Data block:

---+---

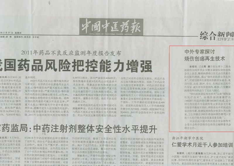 中國中醫(yī)報(bào):中外專家討論燒傷創(chuàng)瘍再生技術(shù)
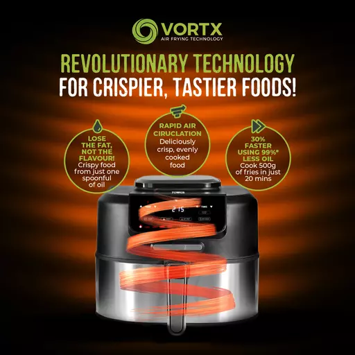 Vortx technology rapidly circulates hot air around food, cooking up to 30% faster than a conventional oven. Vortx also cooks food with a delicious crispy texture and because little or no oil is required, it’s much healthier, too! Lose the fat not the flavour.
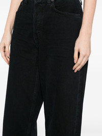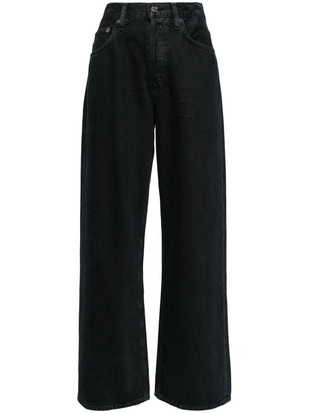 Slung jeans Highlights - Crushed black - Regenerative cotton - Denim - Wide leg - Belt loops - Classic five pockets - Front button fastening - Straight hem Imported Composition Regenerative Cotton 100% SIZE & FIT Model measurements Height 5 ft 9 in(1.76 m) Bust/Chest 31.1 in(79 cm) Hips 35.03 in(89 cm) Waist 24.4 in(62 cm) Measurement FRONT RISE 12.2 in(31 cm) INSIDE LEG 30.31 in(77 cm) HIPS 43.3 in(110 cm) WAIST 31.49 in(80 cm) FittingInformation Designed for a straight-leg fit, these jeans allow for a close fit at the waist and an unrestricted and comfortable fit over the leg Sturdy and hard-wearing, this denim piece offers no stretch Washing instructions Machine Wash
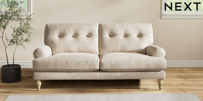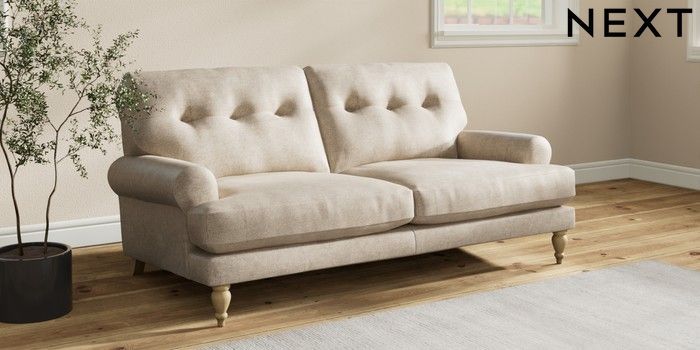 7.2.10 Erin Buttoned Back Deep Relaxed Sit 3 Seater Small Sofa Plush Chenille Light Natural High Classic Turned - Light | Made Click here to use our website with more accessibility support, for example screen readers

---+---

Task item: For the data above, return an exact copy that contains no pictures.

Written solution:
 中國中醫(yī)報(bào):中外專家討論燒傷創(chuàng)瘍再生技術(shù)
 Vortx technology rapidly circulates hot air around food, cooking up to 30% faster than a conventional oven. Vortx also cooks food with a delicious crispy texture and because little or no oil is required, it’s much healthier, too! Lose the fat not the flavour.
 Slung jeans Highlights - Crushed black - Regenerative cotton - Denim - Wide leg - Belt loops - Classic five pockets - Front button fastening - Straight hem Imported Composition Regenerative Cotton 100% SIZE & FIT Model measurements Height 5 ft 9 in(1.76 m) Bust/Chest 31.1 in(79 cm) Hips 35.03 in(89 cm) Waist 24.4 in(62 cm) Measurement FRONT RISE 12.2 in(31 cm) INSIDE LEG 30.31 in(77 cm) HIPS 43.3 in(110 cm) WAIST 31.49 in(80 cm) FittingInformation Designed for a straight-leg fit, these jeans allow for a close fit at the waist and an unrestricted and comfortable fit over the leg Sturdy and hard-wearing, this denim piece offers no stretch Washing instructions Machine Wash
 7.2.10 Erin Buttoned Back Deep Relaxed Sit 3 Seater Small Sofa Plush Chenille Light Natural High Classic Turned - Light | Made Click here to use our website with more accessibility support, for example screen readers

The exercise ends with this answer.